How Super Mario World Speedrunners Beat The Game in 40 Seconds By Writing Code With Koopa Shells
It doesn’t matter how airtight you think your game is; speedrunners will prove that it’s not, and there may be no better example than Super Mario World, where top speedrunners literally write code in-game using Koopa shells, eggshell particles, and clever controller manipulation to beat the game in just over 40 seconds.
In January of 2015, speedrunner Sethbling completed the first-ever “0 Exit” run of Super Mario World in just under six minutes, a speedrun category that requires players to beat the game, reaching a total of zero level exits. Sounds impossible, right? How could a player possibly complete the game without completing even one level? Well, it’s easier said than done, but it involves a glitch called “arbitrary code execution”, or ACE for short, the same glitch used by Ocarina of Time speedrunners to complete the game in under ten minutes, which allows players to trigger the end-game credits early.
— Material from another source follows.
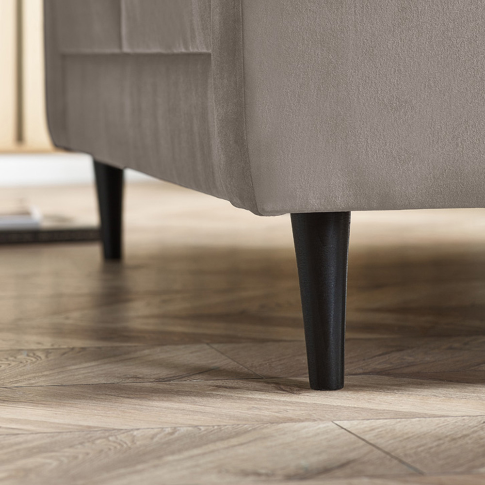 Add elegance and comfort to your space with Furniturebox Josie 2 Seater Mink Light Grey Velvet Sofa. This gorgeous soft sofa will be a perfect addition to your living room. Its modern design is complemented by sumptuous mink light grey velvet fabric, making it suitable for various styles from traditional to minimalist or maximalist. The contemporary square button tufting on the back adds a relaxed touch, reminiscent of a traditional Chesterfield sofa. it sits on black wooden tapered legs, giving it a sleek, timeless look. It sits on black wooden tapered legs, giving it a sleek, timeless look. It is constructed from a sturdy wood frame and upholstered in soft, easy-to-clean velvet, this sofa features cosy cushions and strong tapered wooden legs. It's designed to last and look great.

The path has been heavily optimized since Sethbling’s six-minute completion, with the world record time sitting at just 41.022 seconds, by the Brazilian speedrunner Furious, who spends more time navigating the menus before starting level one than he does playing it. That’s how incredibly quick this path is. That particular run isn’t on YouTube, but Sethbling’s second-place 41.350 time is, and can be watched below. Don’t worry too much about what he’s doing to set up the ACE just yet, as it will seem like complete nonsense. I will do my best to give a breakdown of what is happening beneath the video.
How Does It Work?
Computer memory is divided up into blocks with associated addresses, that store particular information. One block could, for example, store the x-position of a Koopa shell that is on screen, while another block could store the value associated with any power-ups that Mario may have at that time. If either of these parameters are changed, the value in that block of memory will be updated. Normally, the game knows exactly what blocks of memory to reference and when to do so, as well as what lines of code to execute in response to certain actions or inputs, but what if you accomplish something in the game that the developers did not intend to be possible? What lines of code will the game jump to in response?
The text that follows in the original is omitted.